Schaut aber im Moment doch gut aus für mein fischendes Weibi. Definitiv gibt es jede Menge Damen Thermo Anzüge bei Kettner, allerdings über den Versand und den wollen wir nicht unbedingt.#d 

Durch eine PN konnten wir erfreulicherweise erfahren, dass es in der Nähe von Wien -sehr günstig für uns- eine Erzeugerfirma für solche Anzüge gibt, die diese noch dazu im Partnerlook anbieten. Erstkontakt ist bereits hergestellt. 

Falls diese Information tatsächlich stimmen sollte, bräuchten unsere fischenden Damen nicht mehr mit Herrenanzügen zum Änderungsschneider oder die Ärmel und Hosen aufkrempeln, unter dem Motto *geht scho irgendwia:q *weil wir ja am Wasser und nicht bei einer Modeschau sind. 

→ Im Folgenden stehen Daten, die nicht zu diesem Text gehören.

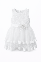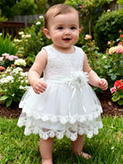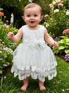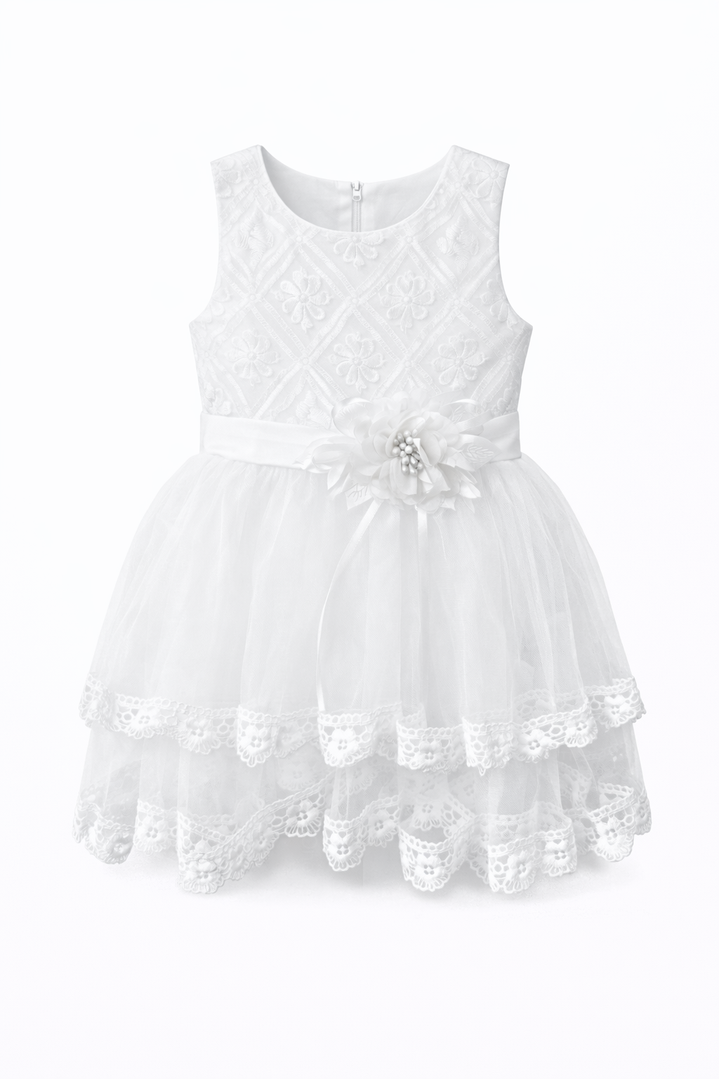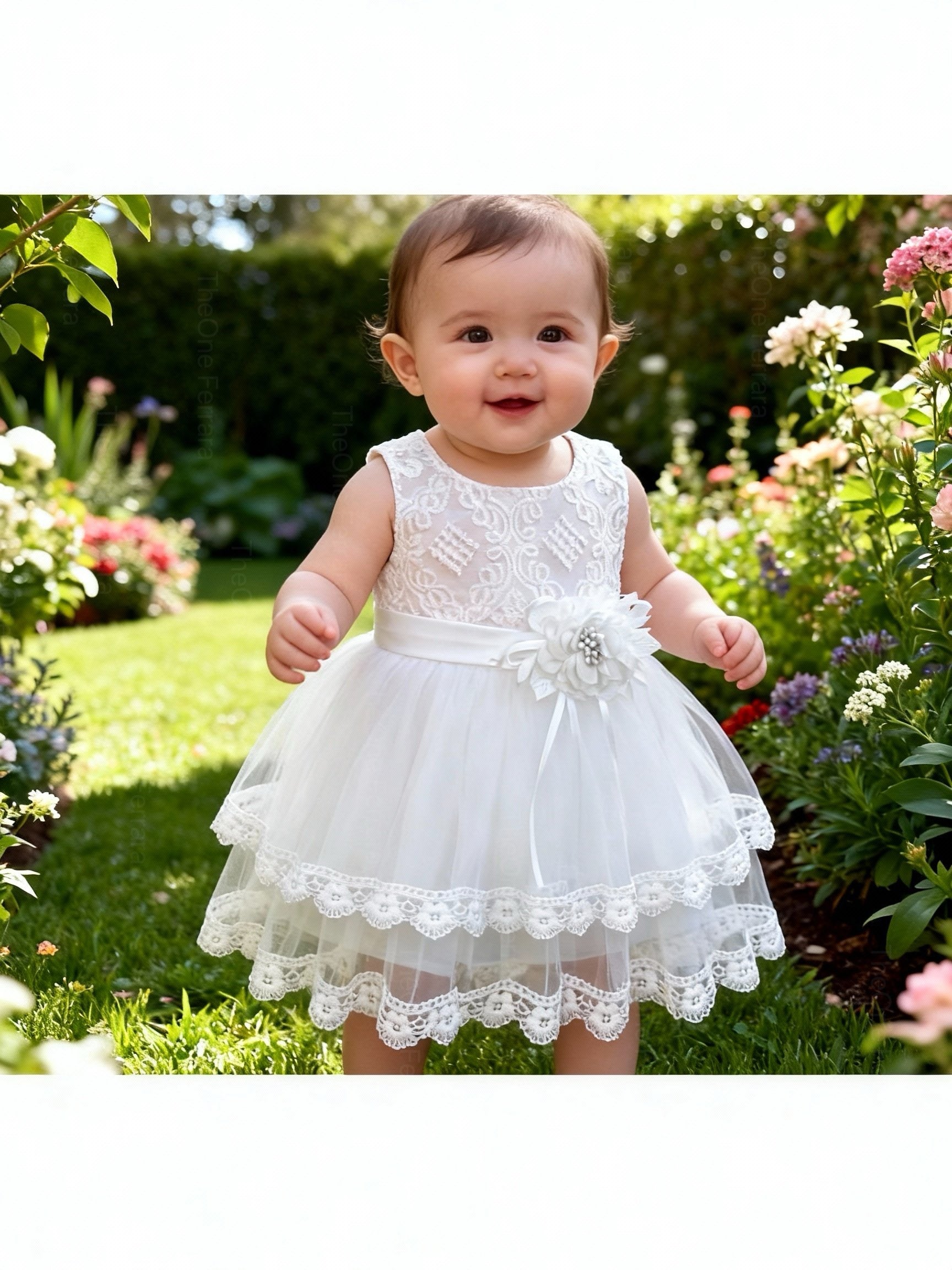Dolcissimo abito da cerimonia per neonata 6–36 mesi in bianco con corpetto ricamato, fiore decorativo in vita, gonna in tulle a strati e bordo in pizzo: perfetto per battesimo, chiesa, compleanno e foto speciali.
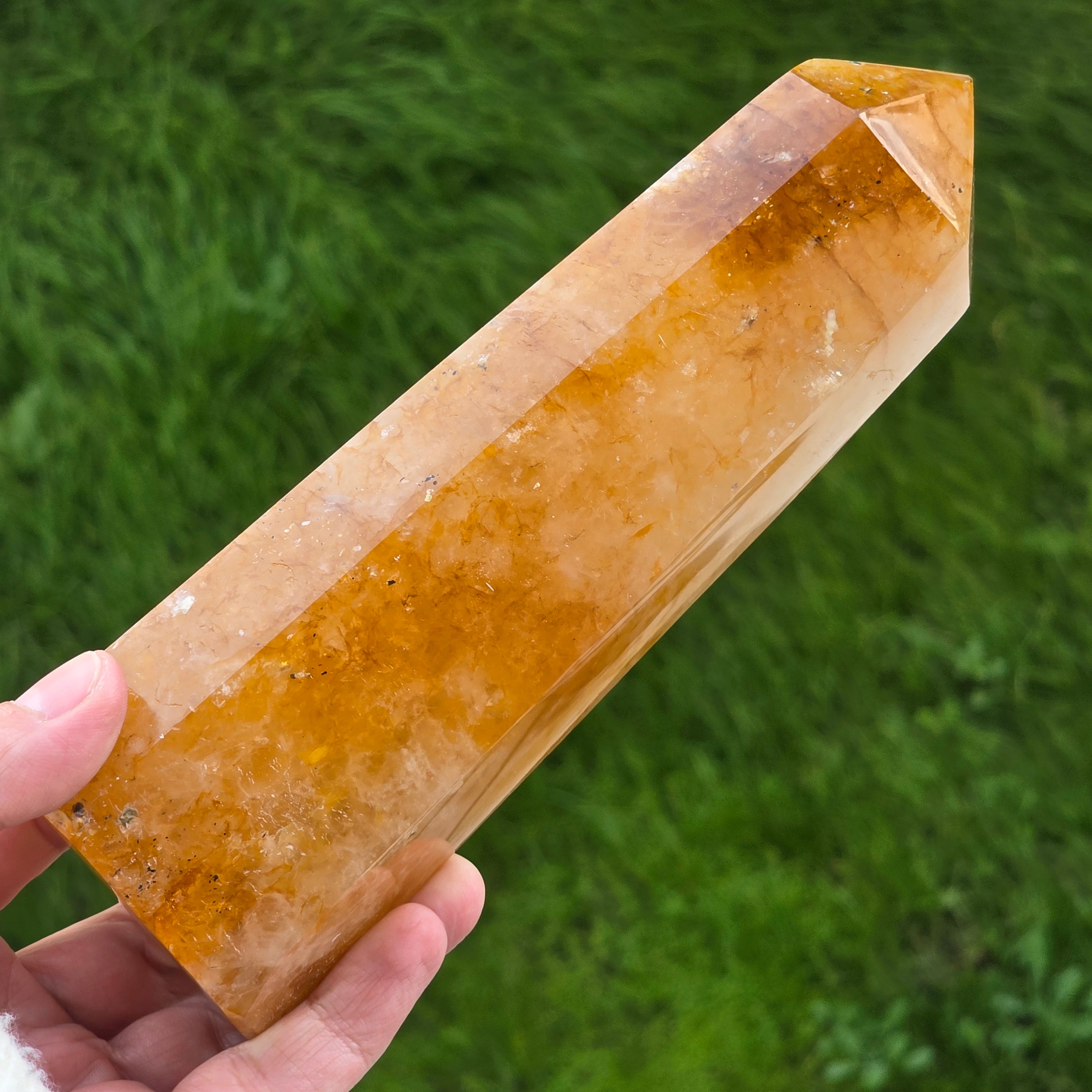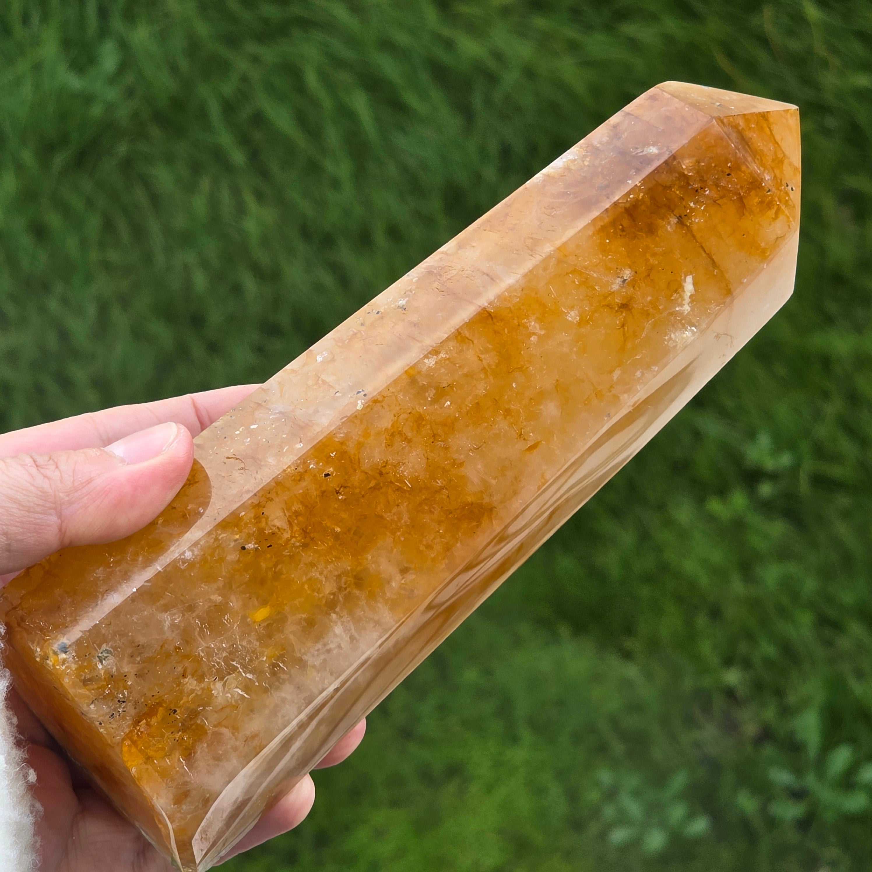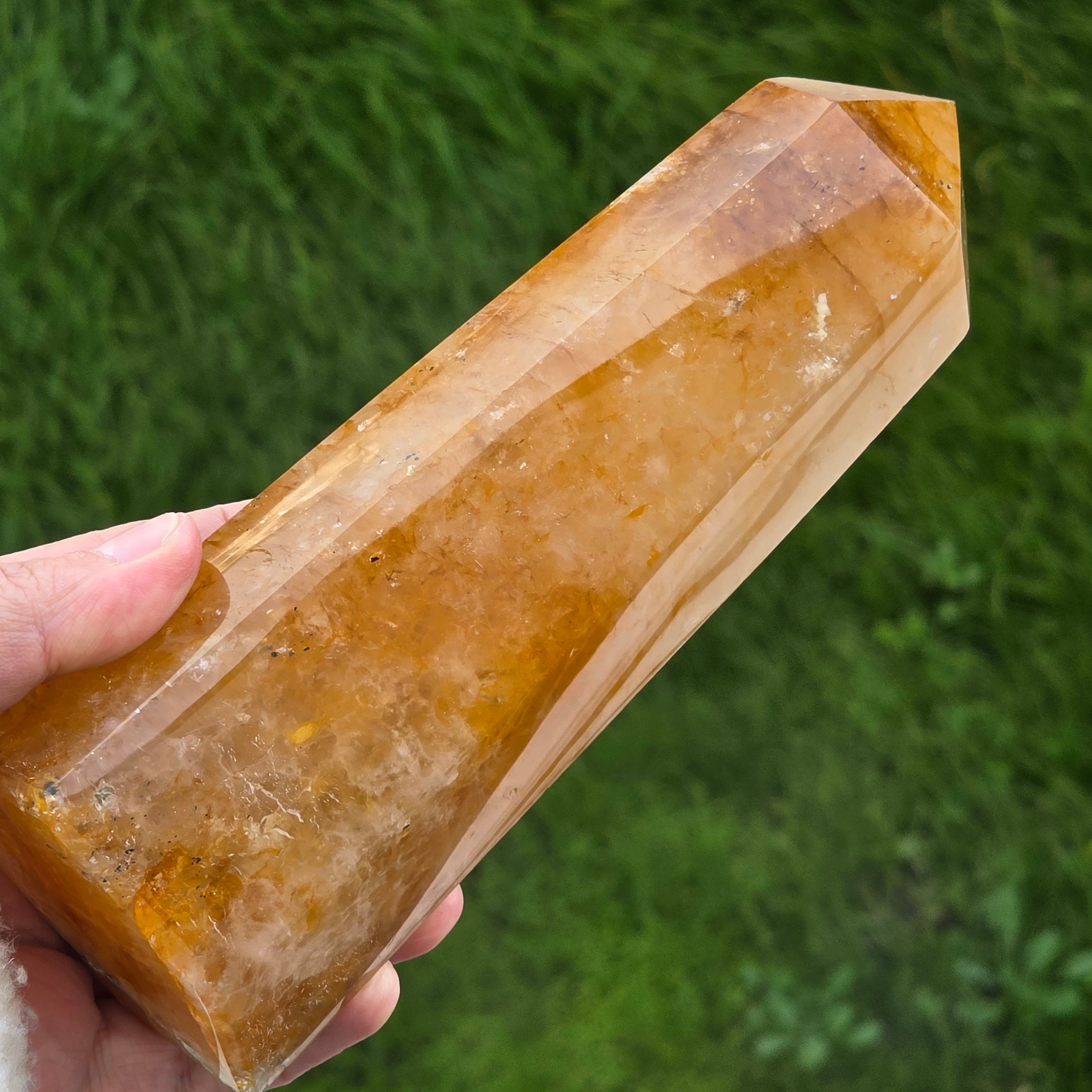 Description - Obélisque quartz citron / limonite Madagascar | Modèle 4
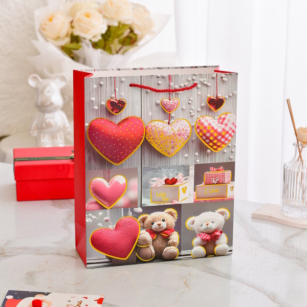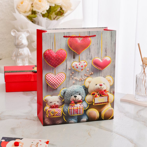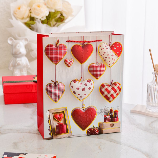 발렌타인 데이 남자 친구와 여자 친구 선물 포장 종이 봉투 로맨틱 러브 패턴 선물 가방 선물 포장 동반자 선물 가방
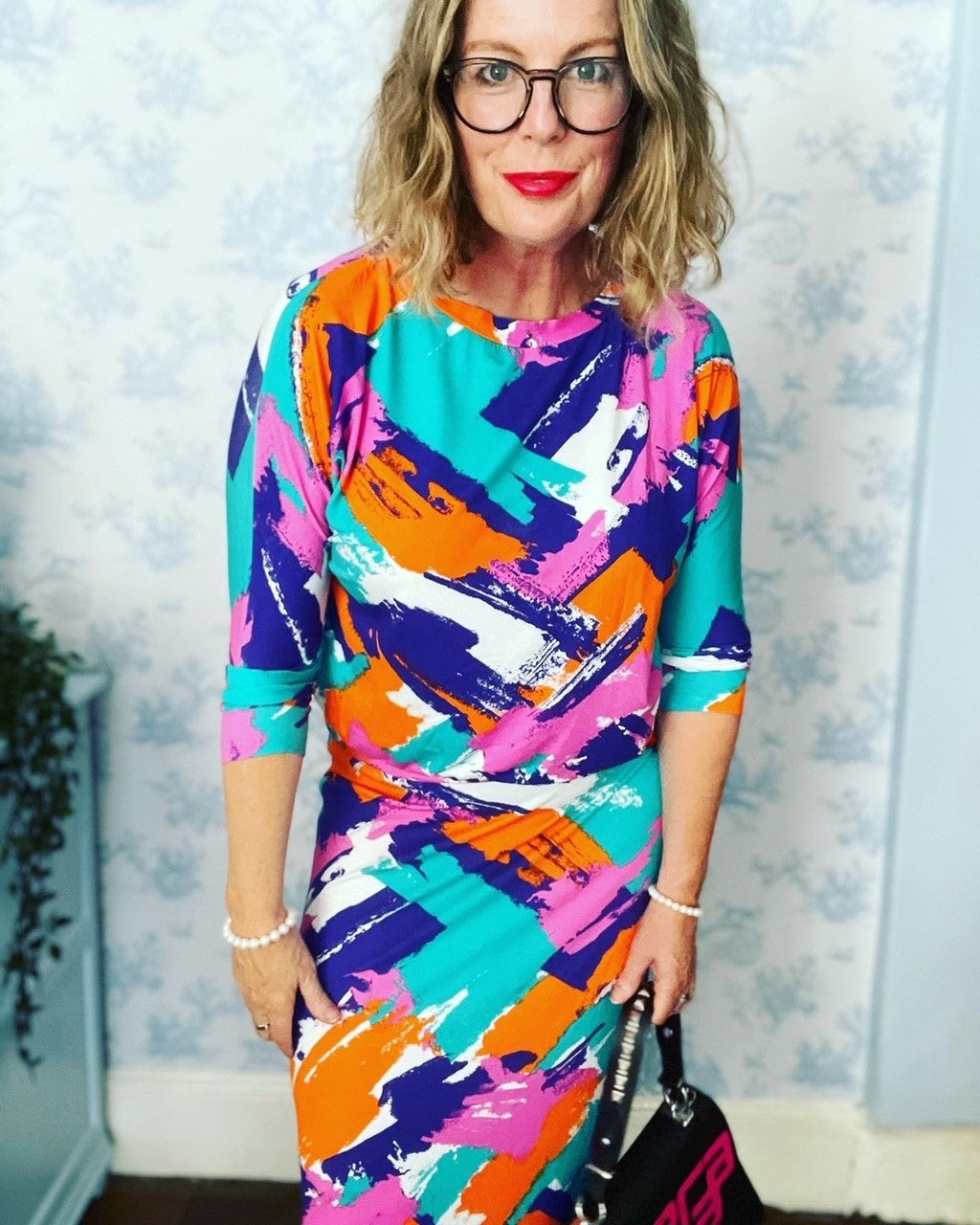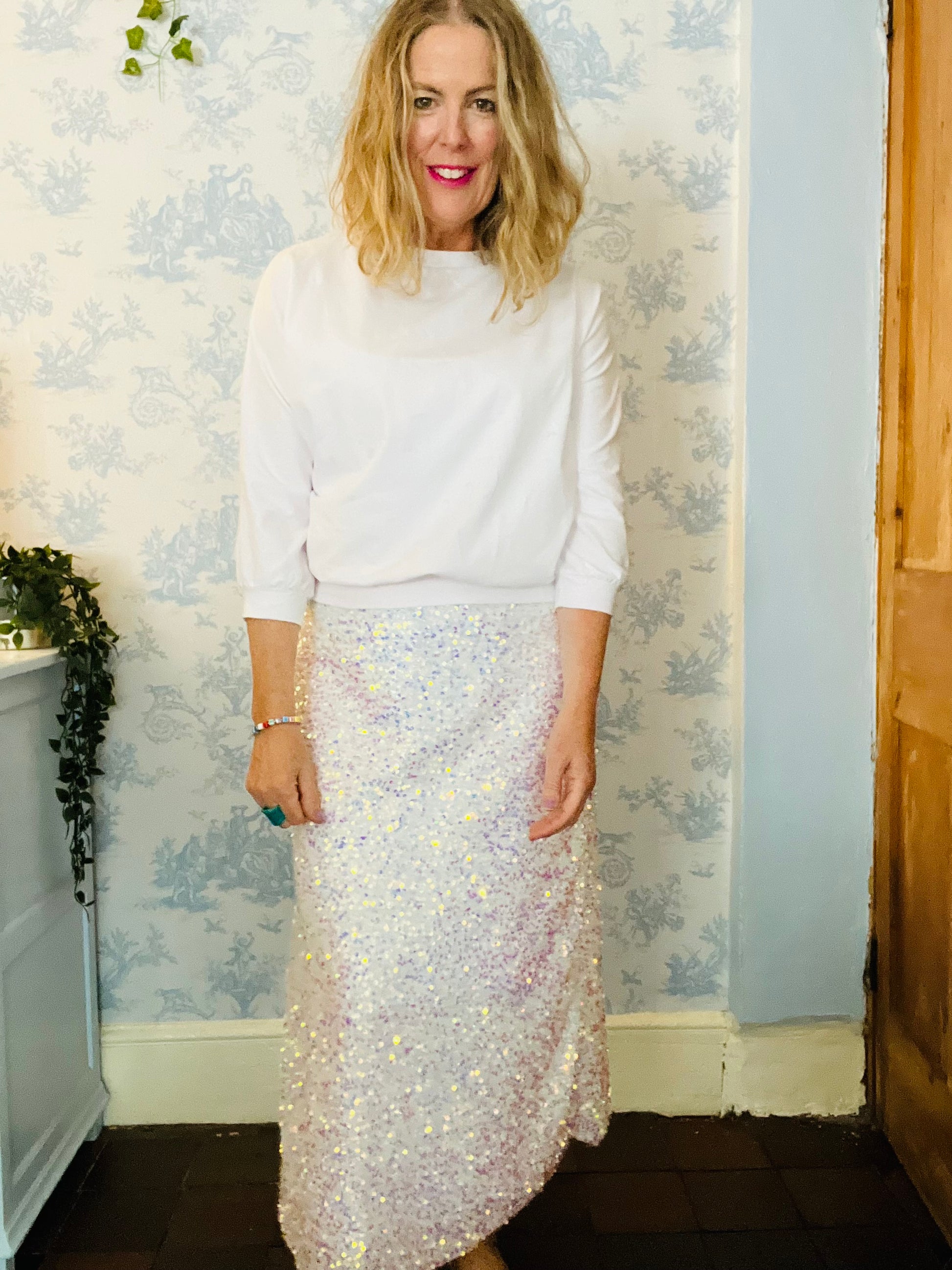 The gentle fluid lines hugs the body without being too restrictive. The top has a batwing sleeve, cuffs and a chunky waistband. The skirt is straight with a slight flair also finished with a chunky waistband.
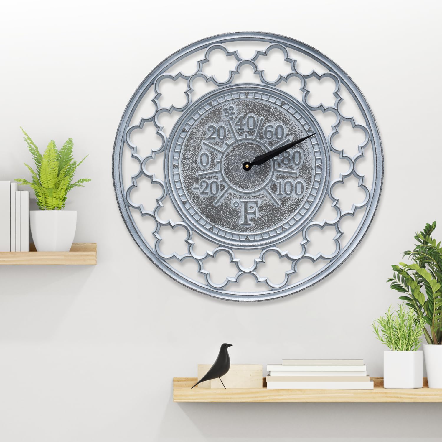 Enhance your outdoor or indoor space with the timeless elegance of the Whitehall Products wall-mounted cast aluminum thermometer. Measuring 21" x 21" x 1.25", this artisan thermometer showcases a hand-made, premium-grade aluminum casting with intricate, detailed designs. Its arts-and-crafts aesthetic, paired with traditional styling, adds classic charm to any setting. Built to last, it’s crafted from sand-cast, high-density aluminum alloy and protected by Alumi-Shield, ensuring durability and resistance to harsh weather. Hand-finished with contrasting accents, this American-made thermometer features high-quality movement for precise and reliable readings. Perfect for elevating both function and style in your home or garden.

Offenbar sind -zZt. noch- Damen am Fischwasser für die Fachhändler eine vernachläßigbare Zielgruppe und diese wollen -oder können- die Lager nicht mit diesen Dingern füllen. Erzeugt werden diese jedenfalls, dass steht eindeutig fest. Damen, zettelt endlich eine Revolte |krach: bei Eurem Händler an!.
Falls unser Deal gelingt -bitte Daumen drücken- werden selbstverständlich Fotos beigefügt.

LG und Petri Heil aus dem Weinviertel

Drohne


----------